Coping with grief is a personal journey, and there are various ways to navigate this process. Here are some suggestions that may help you:
1. Talk About Your Feelings: Sharing your thoughts and feelings with friends, family, or a therapist can provide support and help you process your emotions.

2. Honor Her Memory: Find ways to remember and celebrate your mother's life. This could be through creating a scrapbook, planting a tree in her memory, or participating in activities she enjoyed.

3. Seek Professional Help: If feelings of guilt and sadness become overwhelming, consider speaking with a mental health professional who specializes in grief counseling. They can provide strategies to cope with your emotions.

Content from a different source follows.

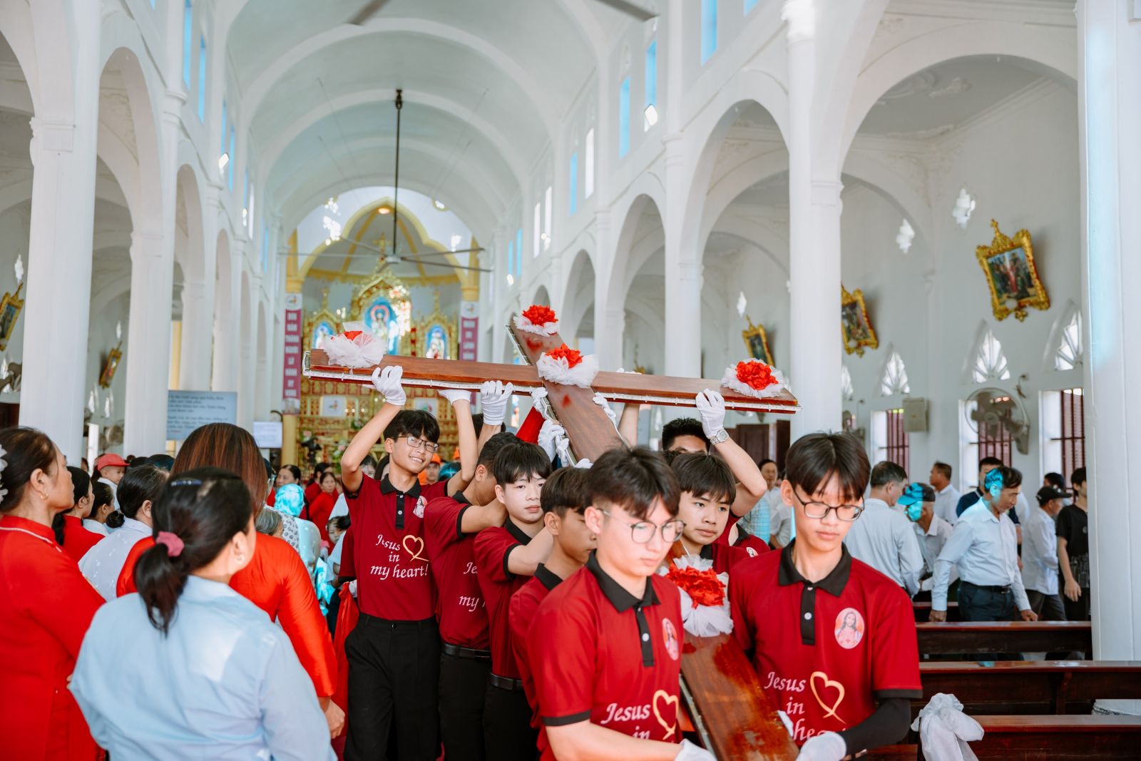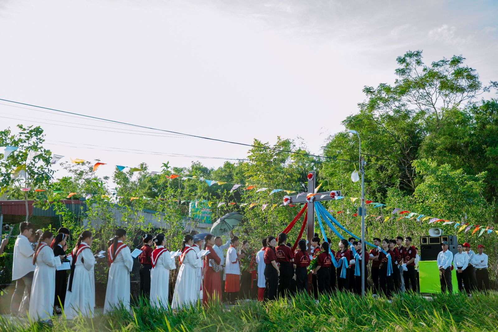 Đoàn rước khởi hành tiến về Giáo họ Cao Đường, suy niệm 14 chặng Đàng Thánh Giá, sau đó hiệp dâng Thánh lễ Suy tôn Thánh Giá tại Giáo họ. Thánh lễ được cử hành thật trang trọng và sốt sắng.

4. Join a Support Group: Connecting with others who have experienced similar losses can provide comfort and understanding. Many communities offer support groups for those grieving the loss of a loved one.

5. Practice Self-Care: Ensure you are taking care of your physical and emotional health. Engage in activities that bring you joy, whether it's exercise, hobbies, or spending time with loved ones.

6. Allow Yourself to Grieve: Understand that grief is a process that takes time. It's okay to feel sad, angry, or confused. Allow yourself to experience these emotions without judgment.

In conclusion, while I cannot diagnose your mother's condition based on the information provided, it is clear that her passing has left a significant impact on you. Remember that seeking help and support is a sign of strength, and you do not have to navigate this journey alone. Take your time to heal, and be gentle with yourself as you process your grief.